In the quiescent state, assume Q1 is OFF and Q2 is ON.

I would have been a little more descriptive. Assuming Q1's base doesn't draw much, it's base sits at \$1\:\text{V}\$ due to the divider.

Assume \$Q_2\$ is saturated, then the collector/emitter current will be about \$\frac{12\:\text{V}}{R_3+R_6}\approx 2.8\:\text{mA}\$. That would put its base at \$3.5\:\text{V}\$, so \$R_5\$ would be supplying \$\approx 26\:\mu\text{A}\$, which just happens to be about \$100\times\$ less. So, yes, it's confirmed to be likely saturated. But a very edgy saturation because we're assuming a lowish active mode \$\beta\$. So this isn't by any means deep saturation. That's why, in fact, \$R_5\$ is set \$100\times\$ the value of \$R_6\$.

Suppose the base of Q1 is kept just below the ON voltage,

No, this is where we separate company. Instead, the shared emitter voltage is about \$2.8\:\text{V}\$. Which means \$Q_1\$ is not kept "just below the ON voltage". There's a reverse voltage on the base-emitter of \$Q_1\$ of about \$-1.8\:\text{V}\$. I'd say that is well-below.

and that Q2 is saturated.

Yes, but again just barely so. Lightly saturated. In a twilight zone between active and saturated, really.

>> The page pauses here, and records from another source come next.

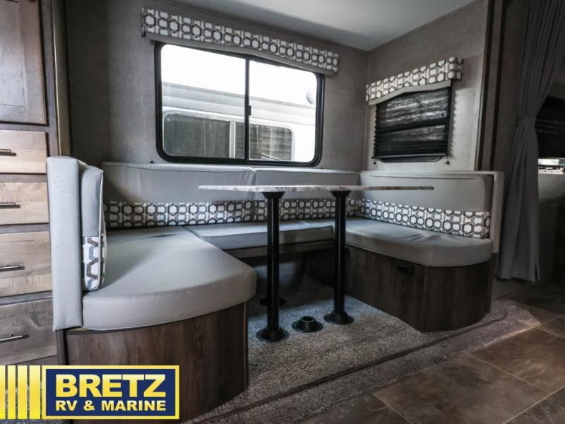 REAR CORNER BATHROOM ~ U-SHAPED DINETTE & QUEEN BED~OPTIONS LISTED BY MANUFACTURER , ACTUAL OPTIONS MAY VARY~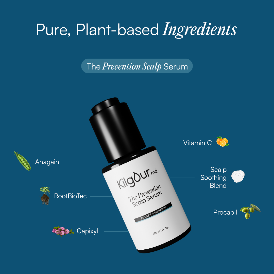 The KilgourMD Dual-Action System is designed to address these triggers, reducing the visible effects of 5-α reductase, calming inflammation, and supporting scalp health while rejuvenating growth.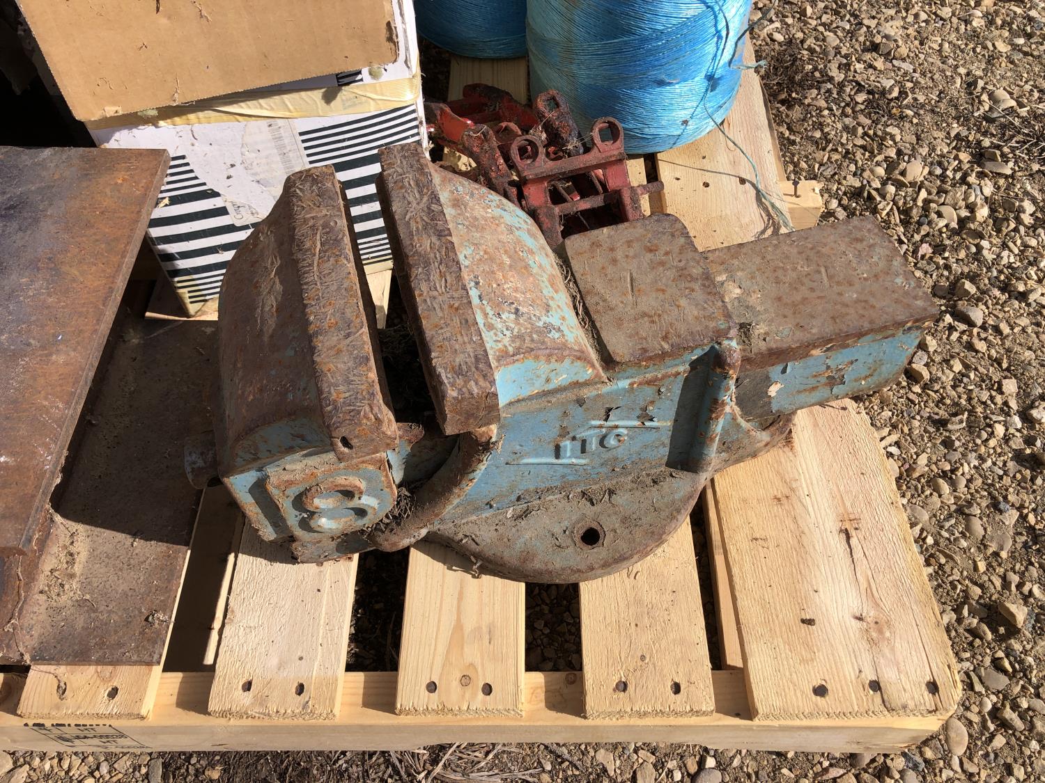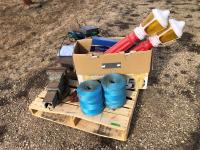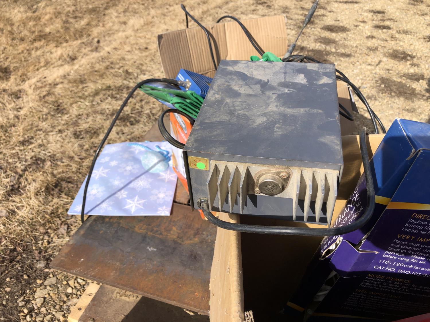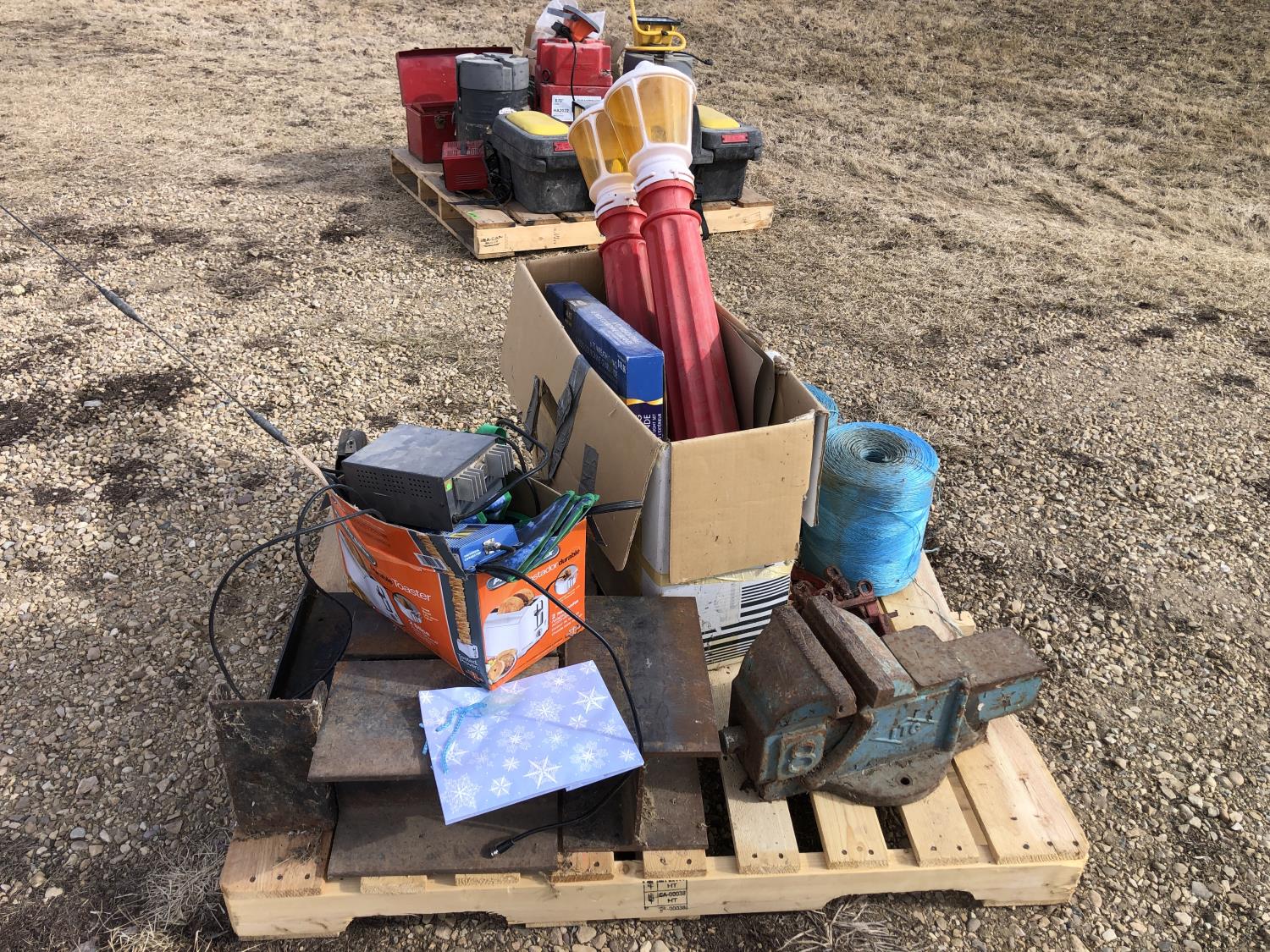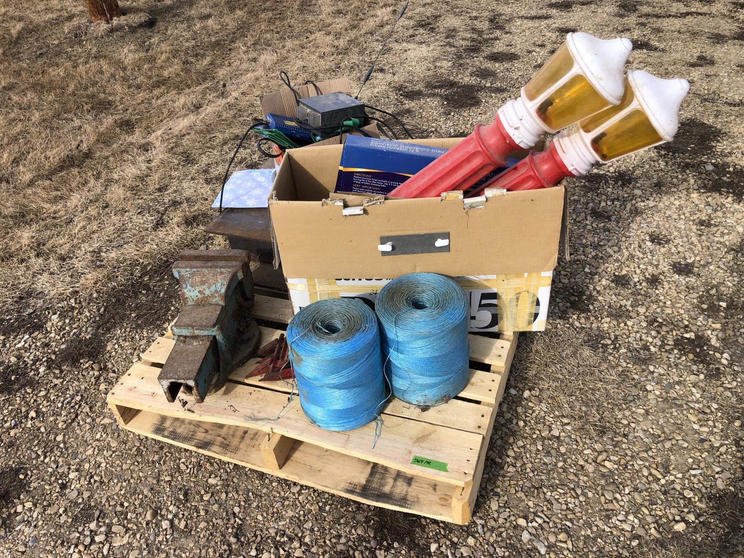 (2) Balls baler twine, 8 inch bench vise, AC-DC power convertor, (2) Wilson phone signal boosters, (4) 12 inch X 12 inch X 8 inch high I beam, Wolf bench grinder, Christmas lights

An impulse on the base of Q1 causes that transistor to turn ON,

Look, you need to turn \$Q_1\$ on long enough to matter. What exactly must that be? You've basically got a source impedance in the divider of about \$18\:\text{k}\Omega\$. And a tiny capacitor of \$10\:\text{pF}\$ which is likely on the order of the 2N2222's internal capacitances, which themselves need to be supplied as it turns on.

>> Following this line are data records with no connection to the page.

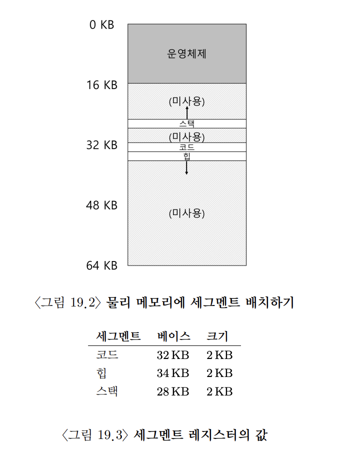 우리가 기준으로 삼은 주소 공간에는 코드, 스택, 힙의 세 종류의 세그먼트가 존재합니다.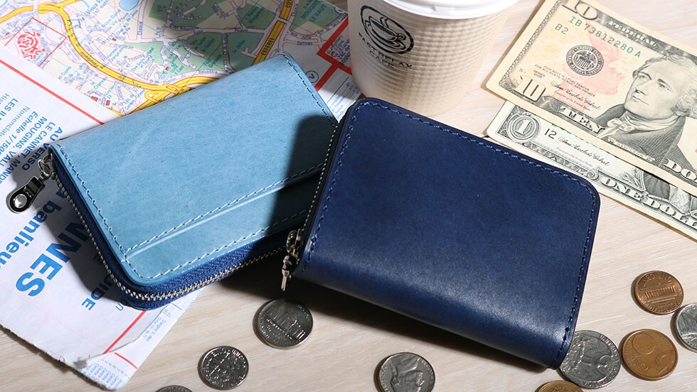 「BAGGY PORT」から誕生した「KOI/コーアイ」。こちらは伝統的な藍染めを革に落とし込み、味わいのある「藍染めレザーシリーズ」のカード&コインケースです。コンパクトなサイズ感で、手に取った際にスマートに映えるルックスとなっています。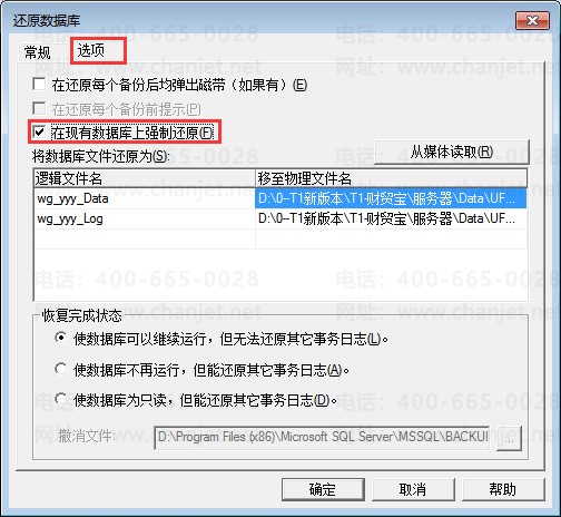 ④、重新回到常规界面,将“还原为数据库名”修改为ufcmbys
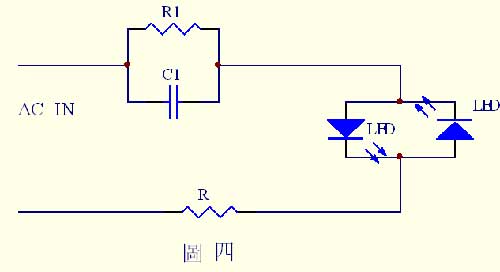 圖四是一個最簡單的電容降壓應(yīng)用電路﹐電路中利用兩只反并聯(lián)的LED對降壓后的交流電壓進(jìn)行整流﹐可以廣泛應(yīng)用于夜光燈﹑按鈕指示燈﹐要求不高的位置指示燈等場合。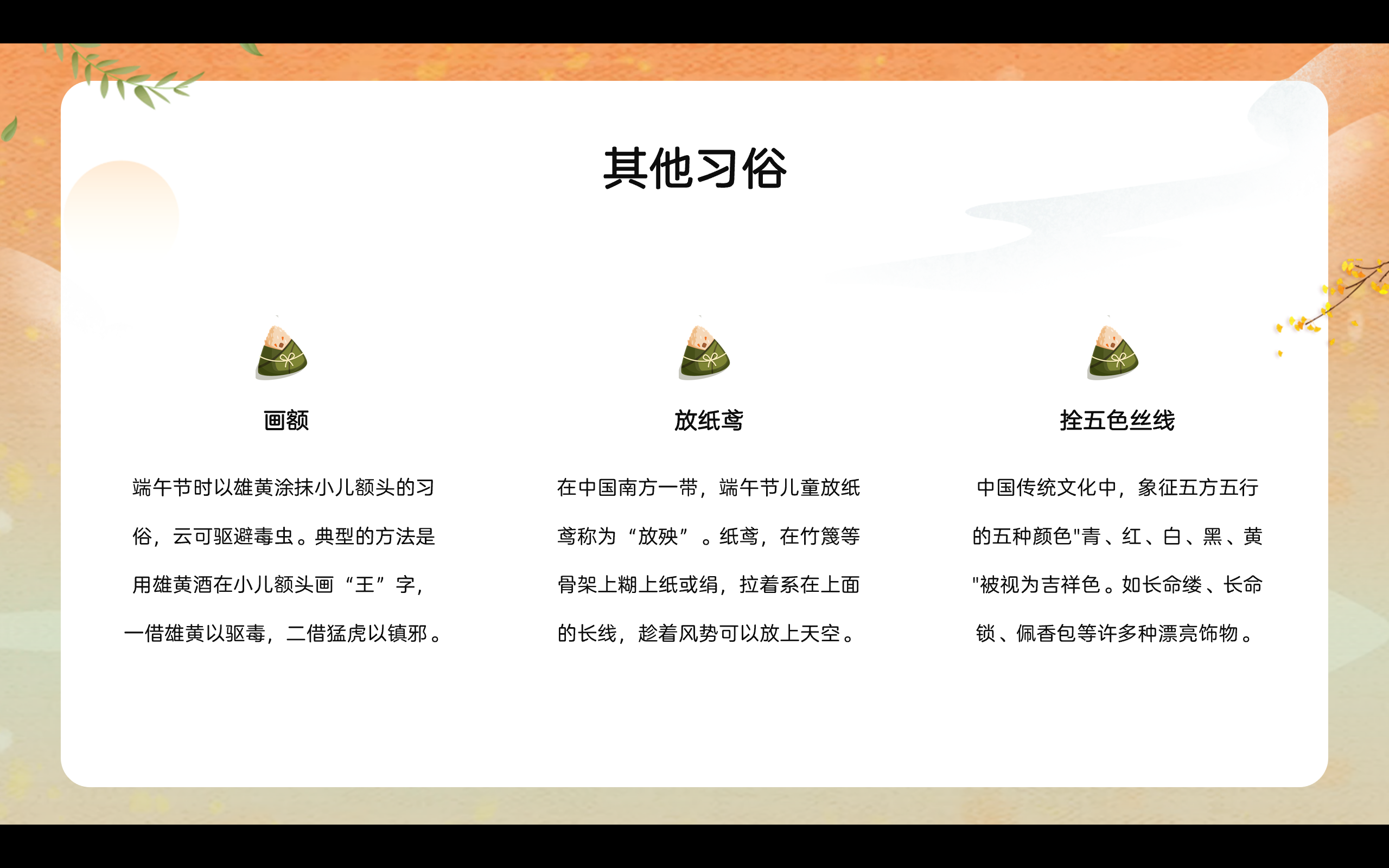 中国传统节日文化体现了中华民族的价值理念。端午节就体现了中华民族追求和谐的理念。随着网络时代的来临,信息的爆炸化,让大部分青少年很少去关注中国的传统文化。弘扬传统文化,能让同学们从理解传统文化到主动去继承去发展,让中国传统文化愈久弥新,源远流长。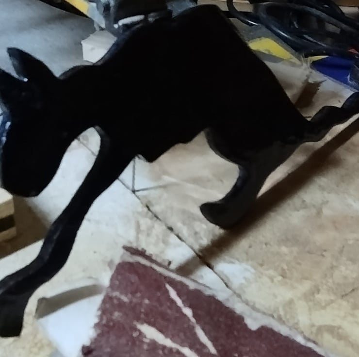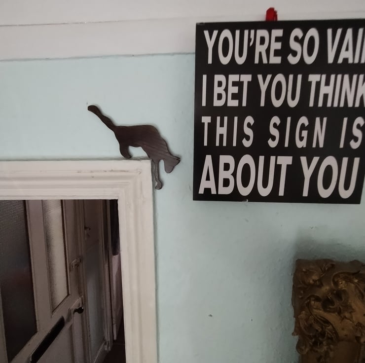 we love our cats.....I have seen a few of these "door toppers" on line and fancied a go, so I sketched a few ideas and cut one out..... quite surprised when my family liked it.... so I cut out a few more to offer for somebody else to love..... ( we used a little piece of blue tack to hold ours in place...so suggest you consider the same.... I won't send any blue tack, just the ply wood, which has been cut out, sanded and stained with black spirit stain, then finished with "chestnut acrylic sanding sealer"...which is safe for toys... it's nice as you can see the wood grain, the black stain has not completely obscured the texture of the wood.
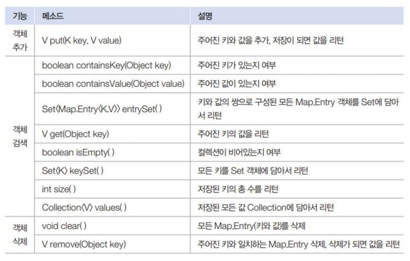 Map은 키와 값을 하나의 쌍으로 묶어서 관리하는 구조(List, Set과는 사용방법이 다르다)

So let's say that you have to overcome about \$20\:\text{pF}\$ in the BJT (and it is likely more than that) and do that while working against \$18\:\text{k}\Omega\$. All that through \$10\:\text{pF}\$, to cause at least a voltage change of \$1.8\:\text{V}+700\:\text{mV}\$ or \$2.5\:\text{V}\$. That's \$140\:\mu\text{A}\$ just for the resistance.

And then some more for the BJT, once it starts to turn on. Whatever \$\frac{\text{d}V}{\text{d}t}\$ you are supplying into \$C_2\$ is going to pull about twice as much, likely more than twice, for the BJT's capacitance.

So in round figures, I'd guess you need about \$150\:\mu\text{A}\$ for the resistance load. And once the BJT turns on, more than another \$300\:\mu\text{A}\$ on top of that. So we're already at \$450\:\mu\text{A}\$ and if you want to handle various BJTs you need still more. I'd probably figure at least \$800\:\mu\text{A}\$, which I'd round to \$1\:\text{mA}\$ to be more sure.

So this means \$\frac{1\:\text{mA}}{10\:\text{pF}}\approx 100\:\frac{\text{V}}{\mu\text{s}}\$. With a \$12\:\text{V}\$ trigger that means a rise time faster than \$120\:\text{ns}\$. Granted, I more than doubled things to be safe. So simulation might work near two or three times that long. But not much longer than that.

So this means that whatever triggers this must also have a very fast edge. Bear that in mind.

Okay. So with all that said, we've got \$Q_1\$ turning on. But for how long??

Well, that \$18\:\text{k}\Omega\$ Thevenin resistance and \$Q_1\$'s base current won't take long to blunt \$C_2\$. So it will be the rest of the circuit that determines the duration. \$C_2\$ won't have much to do with it.

and capacitor C1 turns Q2 OFF. This is solid so far. But for Q2 to stay OFF for an extended time, we would prefer Q1 to stay ON even after the TRIG signal has gone.

Assume \$Q_1\$ is momentarily saturated from the earlier logic (\$\frac{\text{d}V}{\text{d}t}\$ is large enough.) It's collector/emitter current will be about \$200\:\mu\text{A}\$, so the left side of \$C_1\$ is pulled down to about \$200\:\text{mV}\$. But with \$12\:\text{V}-3.5\:\text{V}\approx 8.5\:\text{V}\$ across it, this yanks the right side definitely well into negative territory. So yes, \$Q_2\$ not only is firmly off but if \$C_1\$ were any larger it might also hold its voltage long enough to be avalanching the base-emitter, as well. In any case, yeah. \$Q_2\$ is turned off.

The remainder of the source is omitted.